● **INSTRUCTIONS FOR THE TASK**: Every line below between the line holding "Black Gold Roses" and the line holding "Width of butterflies", inclusive, should be repeated exactly, and all other lines omitted.

● **SUPPLIED DATA**:
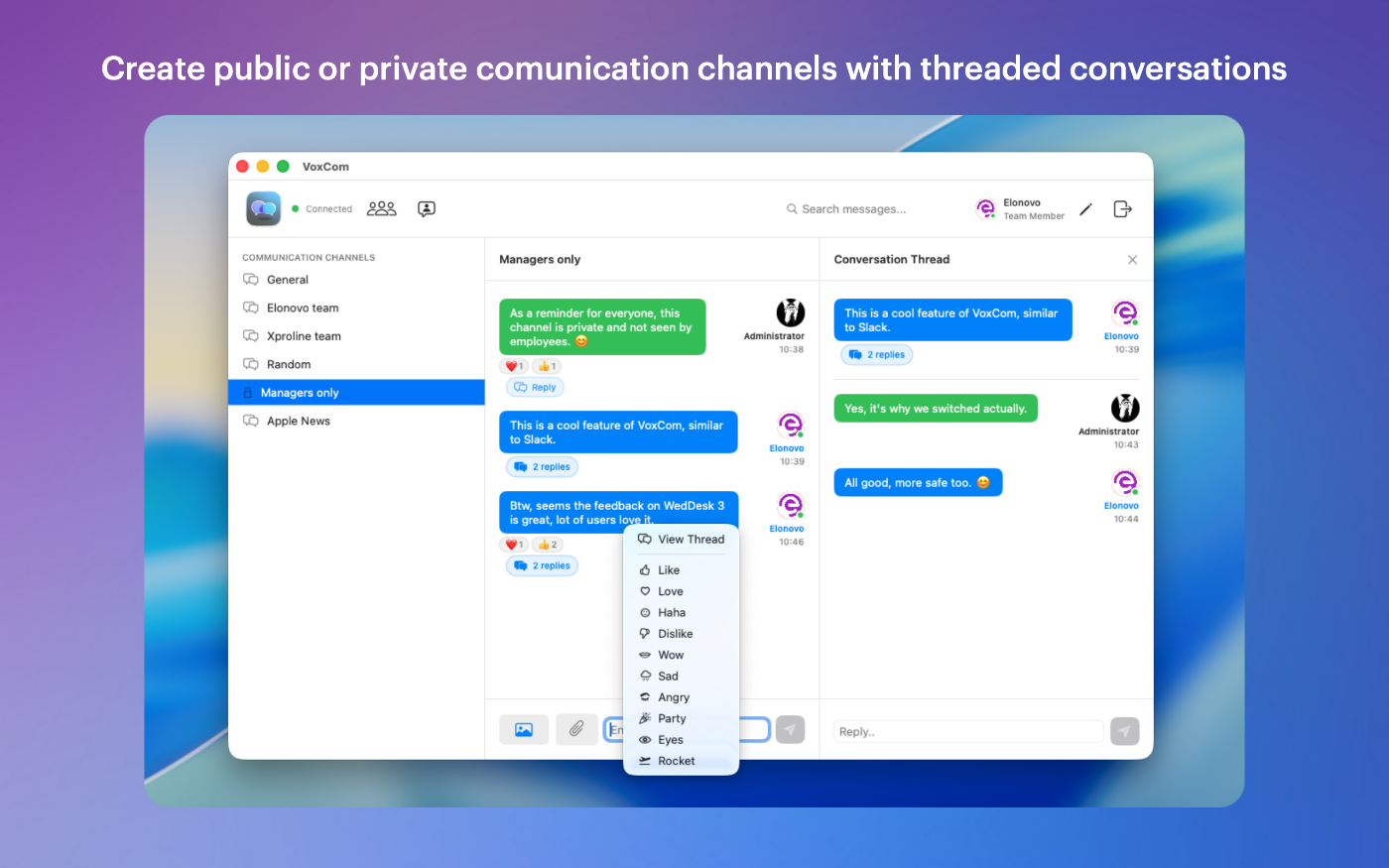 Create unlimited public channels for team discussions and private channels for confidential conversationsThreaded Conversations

---

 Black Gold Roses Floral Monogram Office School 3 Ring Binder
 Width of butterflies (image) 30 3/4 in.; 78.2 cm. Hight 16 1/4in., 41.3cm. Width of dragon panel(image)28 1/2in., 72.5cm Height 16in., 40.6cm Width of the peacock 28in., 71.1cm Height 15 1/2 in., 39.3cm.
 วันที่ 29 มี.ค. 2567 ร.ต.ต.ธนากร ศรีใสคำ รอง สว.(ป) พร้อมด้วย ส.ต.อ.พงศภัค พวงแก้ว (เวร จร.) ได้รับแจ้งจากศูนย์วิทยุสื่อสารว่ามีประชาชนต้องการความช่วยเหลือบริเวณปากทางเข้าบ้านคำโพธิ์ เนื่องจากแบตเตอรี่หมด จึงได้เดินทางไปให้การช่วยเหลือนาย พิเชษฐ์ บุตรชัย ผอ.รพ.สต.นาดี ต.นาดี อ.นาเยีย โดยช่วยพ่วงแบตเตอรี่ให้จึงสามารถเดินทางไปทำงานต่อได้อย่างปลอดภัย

● **RESPONSE TO THIS TASK**:
 Black Gold Roses Floral Monogram Office School 3 Ring Binder
 Width of butterflies (image) 30 3/4 in.; 78.2 cm. Hight 16 1/4in., 41.3cm. Width of dragon panel(image)28 1/2in., 72.5cm Height 16in., 40.6cm Width of the peacock 28in., 71.1cm Height 15 1/2 in., 39.3cm.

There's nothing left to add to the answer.